→ **DATA FOR REVIEW**:
──────

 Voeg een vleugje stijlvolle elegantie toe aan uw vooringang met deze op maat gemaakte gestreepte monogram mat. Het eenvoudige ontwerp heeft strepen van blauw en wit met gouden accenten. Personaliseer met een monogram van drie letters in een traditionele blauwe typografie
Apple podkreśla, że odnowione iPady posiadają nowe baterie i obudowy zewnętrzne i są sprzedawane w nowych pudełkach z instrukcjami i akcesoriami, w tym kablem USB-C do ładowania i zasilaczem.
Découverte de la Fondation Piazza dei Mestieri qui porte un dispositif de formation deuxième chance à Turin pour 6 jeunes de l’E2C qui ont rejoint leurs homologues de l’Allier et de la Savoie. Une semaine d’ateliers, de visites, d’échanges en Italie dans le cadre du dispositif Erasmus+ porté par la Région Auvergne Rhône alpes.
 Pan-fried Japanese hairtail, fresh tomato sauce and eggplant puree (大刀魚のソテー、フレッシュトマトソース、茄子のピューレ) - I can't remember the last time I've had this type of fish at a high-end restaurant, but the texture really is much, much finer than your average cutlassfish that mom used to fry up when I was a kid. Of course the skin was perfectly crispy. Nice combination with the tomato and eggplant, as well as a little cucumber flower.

──────

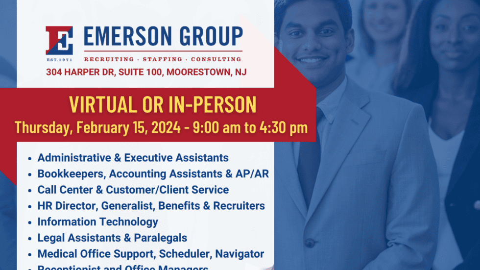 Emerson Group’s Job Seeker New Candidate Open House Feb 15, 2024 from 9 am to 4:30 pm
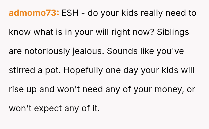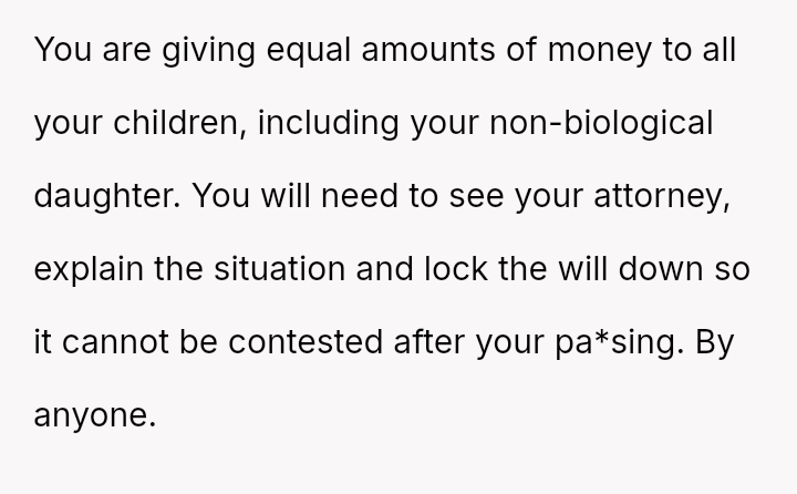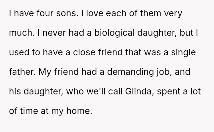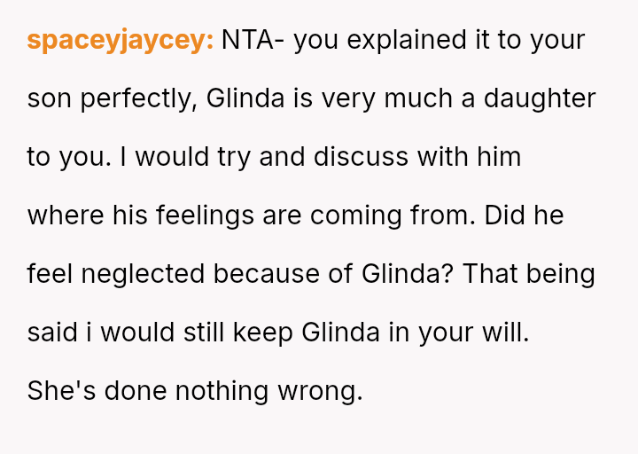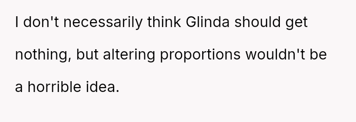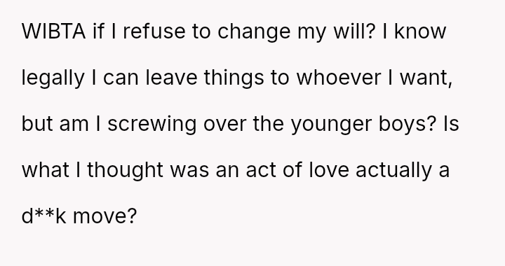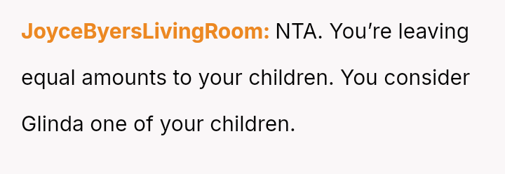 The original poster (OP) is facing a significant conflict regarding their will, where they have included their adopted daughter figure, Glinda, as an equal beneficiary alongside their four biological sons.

──────

→ **WHAT YOU NEED TO DO**: Of the entries above, repeat exactly the lines from the line with "Découverte de la" through the line with "Pan-fried Japanese hairtail, fresh", both of them included.

→ **TASK SOLUTION**:
Découverte de la Fondation Piazza dei Mestieri qui porte un dispositif de formation deuxième chance à Turin pour 6 jeunes de l’E2C qui ont rejoint leurs homologues de l’Allier et de la Savoie. Une semaine d’ateliers, de visites, d’échanges en Italie dans le cadre du dispositif Erasmus+ porté par la Région Auvergne Rhône alpes.
 Pan-fried Japanese hairtail, fresh tomato sauce and eggplant puree (大刀魚のソテー、フレッシュトマトソース、茄子のピューレ) - I can't remember the last time I've had this type of fish at a high-end restaurant, but the texture really is much, much finer than your average cutlassfish that mom used to fry up when I was a kid. Of course the skin was perfectly crispy. Nice combination with the tomato and eggplant, as well as a little cucumber flower.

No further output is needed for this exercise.